Provided information: Begin

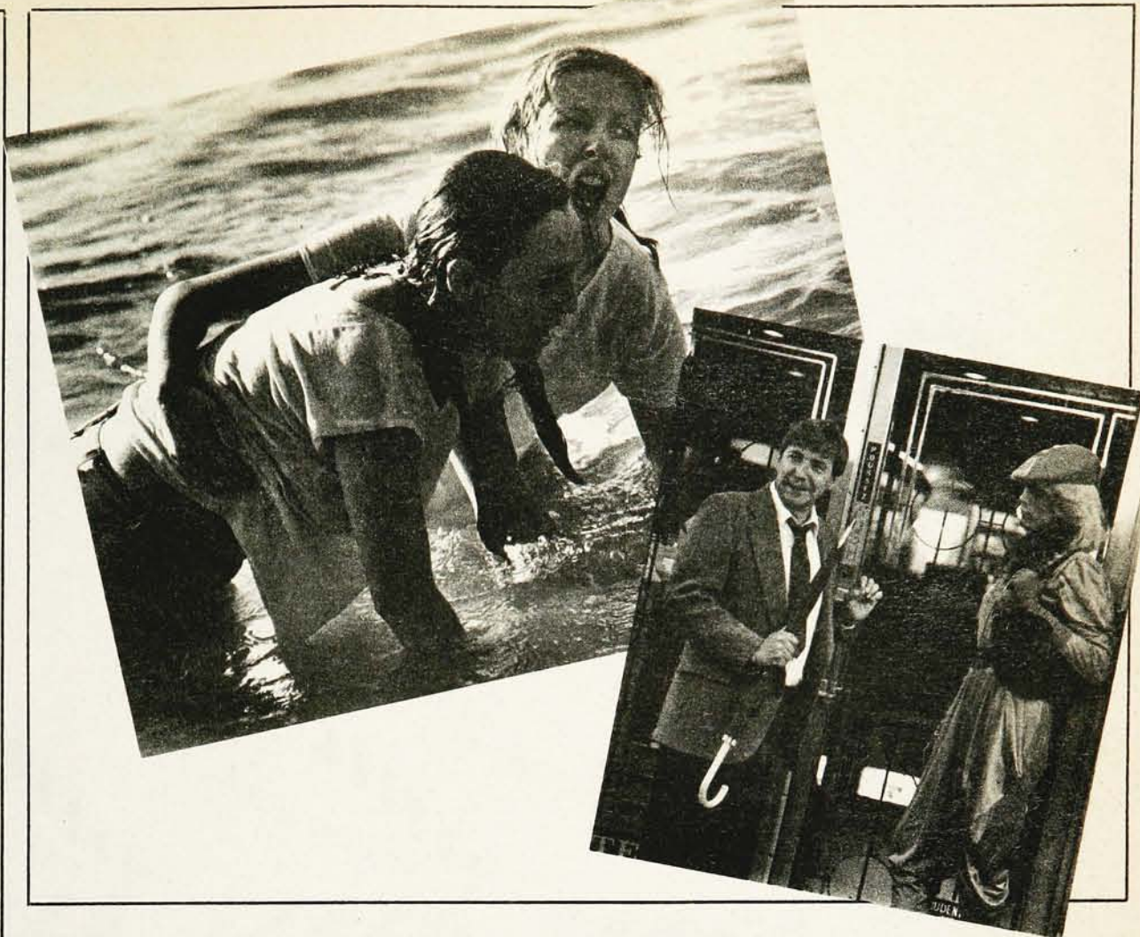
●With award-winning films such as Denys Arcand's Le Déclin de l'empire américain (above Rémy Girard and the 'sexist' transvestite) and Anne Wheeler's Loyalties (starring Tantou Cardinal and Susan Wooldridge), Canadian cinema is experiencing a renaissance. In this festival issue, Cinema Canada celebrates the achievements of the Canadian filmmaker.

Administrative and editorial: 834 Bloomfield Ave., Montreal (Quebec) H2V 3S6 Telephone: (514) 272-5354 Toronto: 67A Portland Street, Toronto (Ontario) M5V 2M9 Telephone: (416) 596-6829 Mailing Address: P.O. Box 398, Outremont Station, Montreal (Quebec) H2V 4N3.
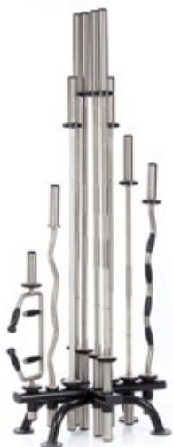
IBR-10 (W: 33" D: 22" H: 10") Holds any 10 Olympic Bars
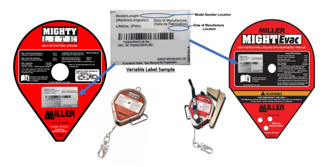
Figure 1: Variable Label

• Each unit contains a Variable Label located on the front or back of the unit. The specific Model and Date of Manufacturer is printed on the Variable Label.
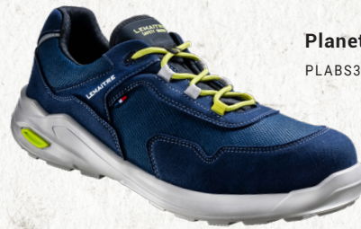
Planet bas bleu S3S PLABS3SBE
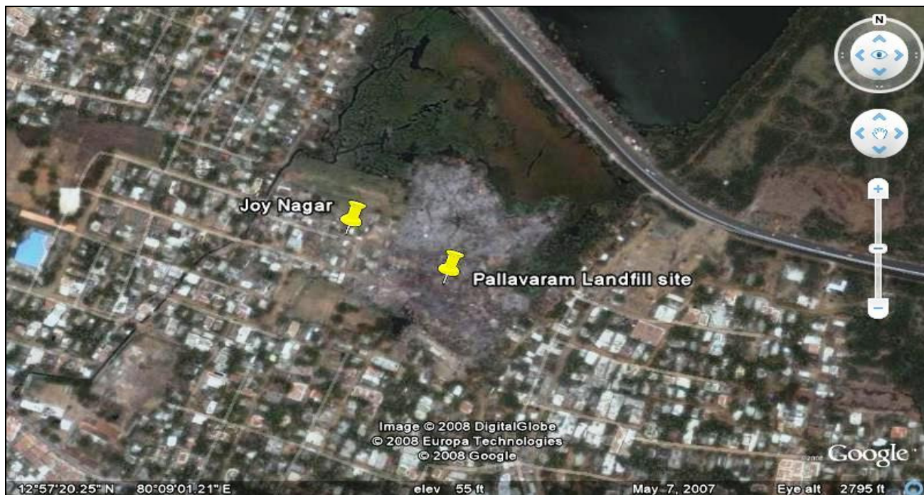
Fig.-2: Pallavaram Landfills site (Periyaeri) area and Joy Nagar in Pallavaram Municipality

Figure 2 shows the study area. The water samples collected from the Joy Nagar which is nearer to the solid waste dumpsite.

Provided information: End

▶ Exercise objective
Out of the preceding entries, pull every line containing the string "area".

▶ Exercise response
Fig.-2: Pallavaram Landfills site (Periyaeri) area and Joy Nagar in Pallavaram Municipality
Figure 2 shows the study area. The water samples collected from the Joy Nagar which is nearer to the solid waste dumpsite.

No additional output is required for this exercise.